There is much to admire and also fear if China is to emerge as the most powerful country in the region.

First things first: we should reject the false argument that only Western countries--inflicted with their prejudices--fear a powerful China. It is well known that China has emerged as the largest trading partner of every major country in the region, including Japan, South Korea, Vietnam, Singapore and Australia. China is the largest trading partner of India in Asia.

Even so, all of these countries have deepened their strategic and military relations with America and each other as an insurance against China's rise. Indeed, China has no genuine allies to speak of, with the possible exception of North Korea.

For a country of such enormous economic importance to its neighbours, there is a case to be made that China is emerging as the loneliest rising power in world history.

We should also address another prevailing myth: that it is only prejudiced Western minds that fear the rise of an authoritarian China. In fact, China is rising in an environment within which every regional great power--Japan, South Korea, India, Indonesia and Australia--is also a liberal democracy.

In other words, while democracy can be traced back to the Ancient Greeks, the contemporary embrace of democracy is hardly just a Western obsession.

This leads to the question of why we should fear the rise of a powerful and still authoritarian China.

The first reason is one of transparency. All of Asia's great liberal democracies have a comparatively free press. Debates on foreign policy are carried out in the open. And when democratic governments are suspected of deceiving the population or concealing important information from them, they are roundly criticized or even removed from office during periodic elections.

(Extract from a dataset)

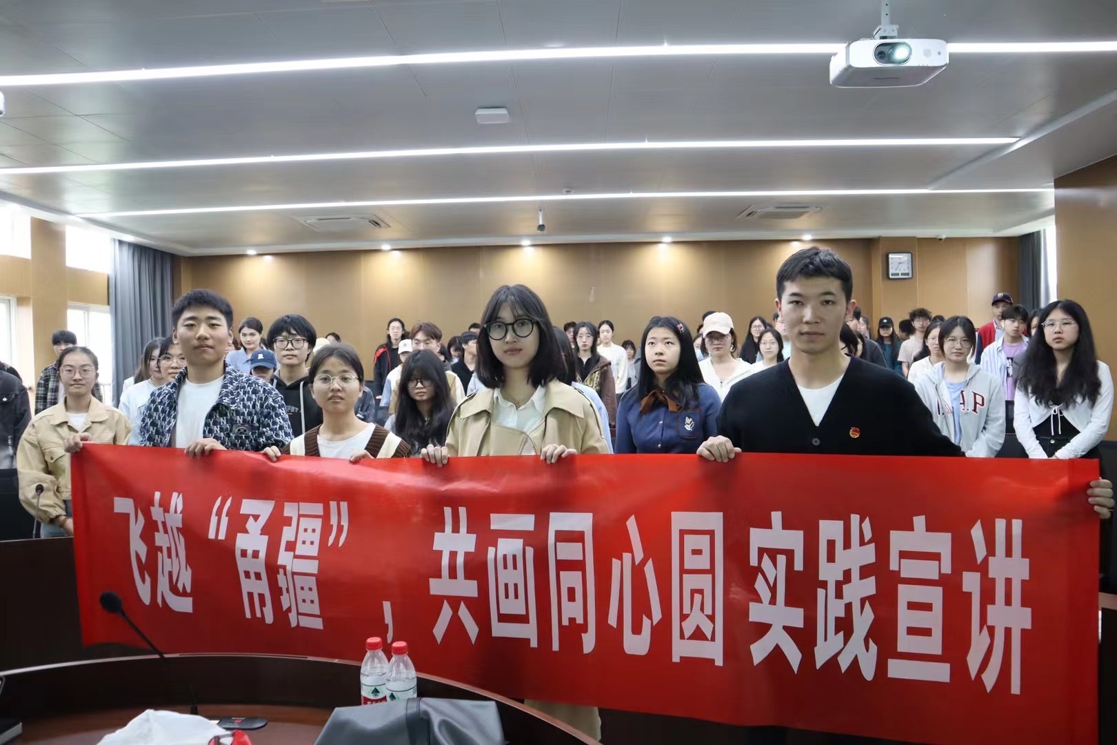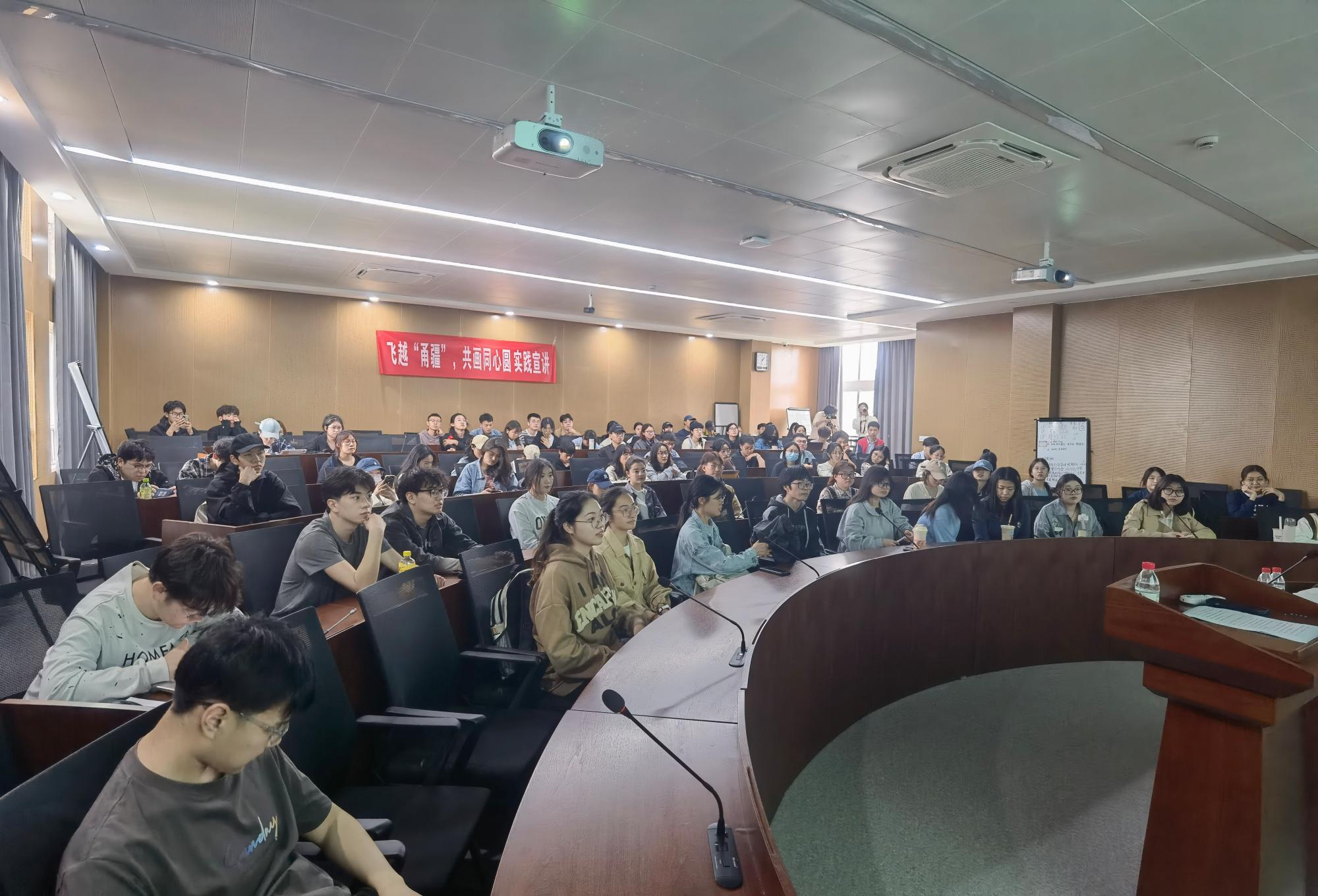 讲座结束时,所有同学共同喊出“‘飞越’甬疆,共画同心圆”口号,并拍照留念。讲座结束后,不少同学纷纷表示,讲座内容充实有趣,激发了他们想要去大美新疆看一看的兴趣!

In contrast, Chinese politics and policy is still largely conducted behind closed doors--with a largely compliant state-owned media serving as a mouthpiece for the government.

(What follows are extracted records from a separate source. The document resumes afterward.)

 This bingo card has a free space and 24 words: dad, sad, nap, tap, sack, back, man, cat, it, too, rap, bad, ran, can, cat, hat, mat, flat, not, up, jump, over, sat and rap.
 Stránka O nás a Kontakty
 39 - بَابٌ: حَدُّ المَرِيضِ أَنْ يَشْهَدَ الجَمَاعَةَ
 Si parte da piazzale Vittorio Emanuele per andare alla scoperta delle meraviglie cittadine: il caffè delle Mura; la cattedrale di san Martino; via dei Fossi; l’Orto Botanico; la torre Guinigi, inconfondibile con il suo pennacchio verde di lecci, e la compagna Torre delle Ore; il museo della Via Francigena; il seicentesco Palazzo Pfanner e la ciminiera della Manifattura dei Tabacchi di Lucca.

The Chinese Communist Party (CCP) is not asked to explain or justify their policies before implementation. Outsiders and many even many Chinese officials remain unsure as to who actually makes the key decisions in the country, and how these are decided. In other words, how Beijing thinks and what it will do is opaque and perhaps even inherently unknowable.

The second reason is one of political character. Although China is very different to the place that was ruled by Mao Zedong from 1949-1976, the CCP still largely stands above the law.

All political and administrative posts throughout the six levels of government are appointed by party officials from the top down. Judicial officers are also appointed by the CCP and must swear allegiance to the party. All court decisions must be approved by committees staffed by CCP officials. The CCP's Central Organization Department even directly appoints senior executives of state-owned-enterprises (SOEs), which considerably enhances the CCP's influence in China's state-dominated economy.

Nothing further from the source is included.